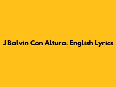 J Balvin Con Altura: English Lyrics
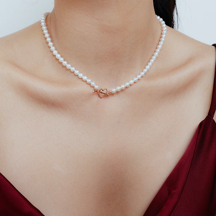 Classic freshwater pearls are meticulously matched for size and color.  The simple, lovestruck shape of cupid bow with heart designs celebrates the spirit of love.  Cupid Pearl Necklace celebrating love
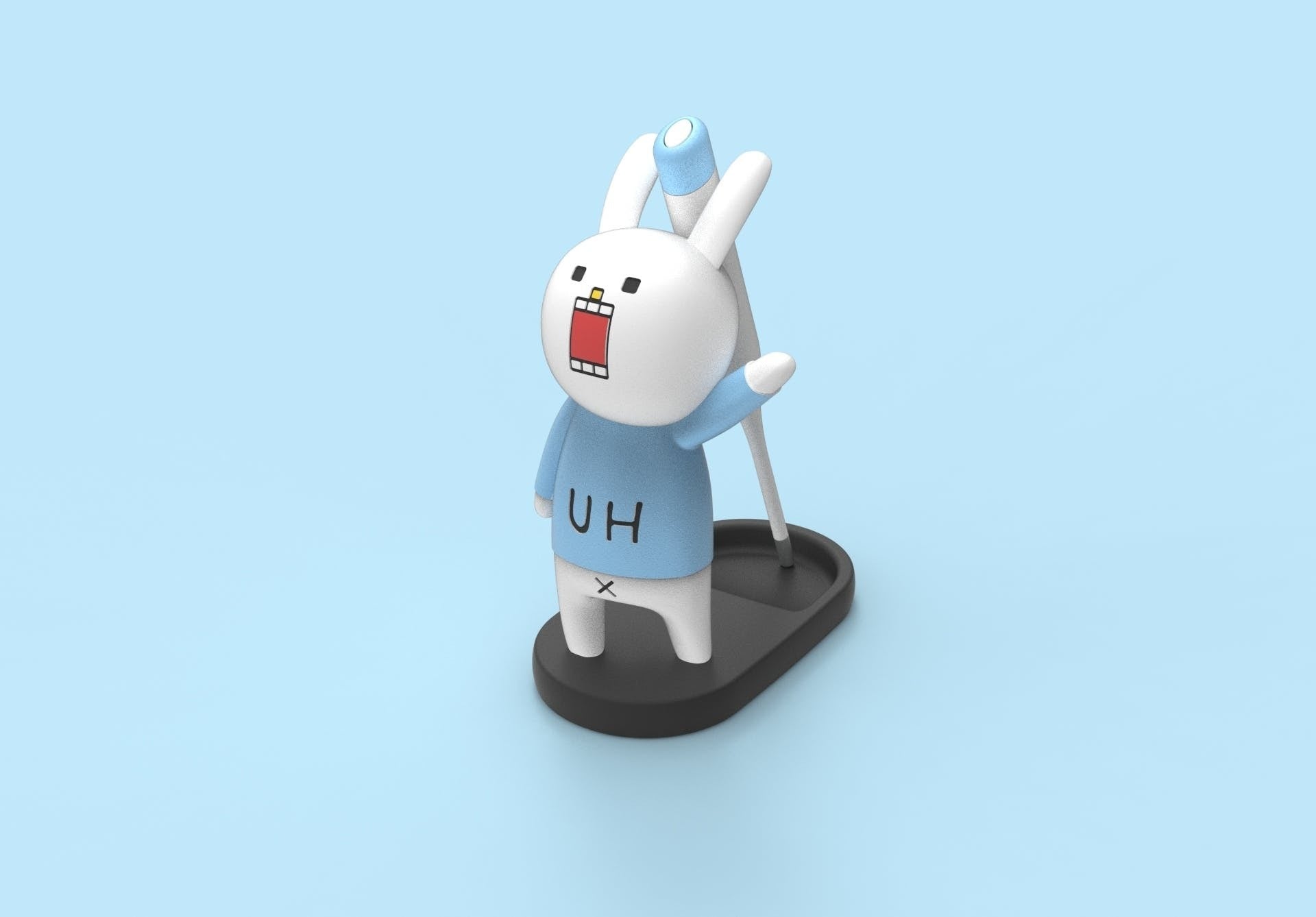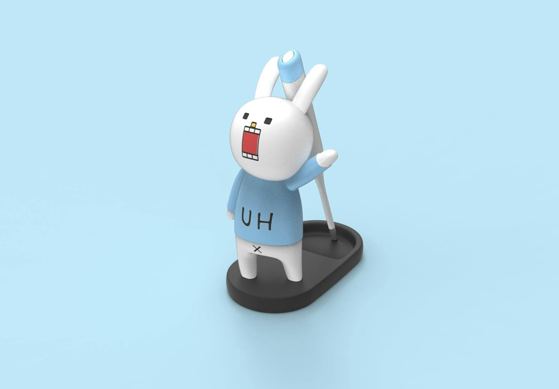 おうち時間が長引く中で、すこしでもみなさんの生活に楽しさを添えられたらと思い考案した、ウサギのウーの“使える”フィギュアです。

*-*-*

Leave the pictures out and output the rest of the data word for word.

Response to this exercise:
 J Balvin Con Altura: English Lyrics
 Classic freshwater pearls are meticulously matched for size and color.  The simple, lovestruck shape of cupid bow with heart designs celebrates the spirit of love.  Cupid Pearl Necklace celebrating love
 おうち時間が長引く中で、すこしでもみなさんの生活に楽しさを添えられたらと思い考案した、ウサギのウーの“使える”フィギュアです。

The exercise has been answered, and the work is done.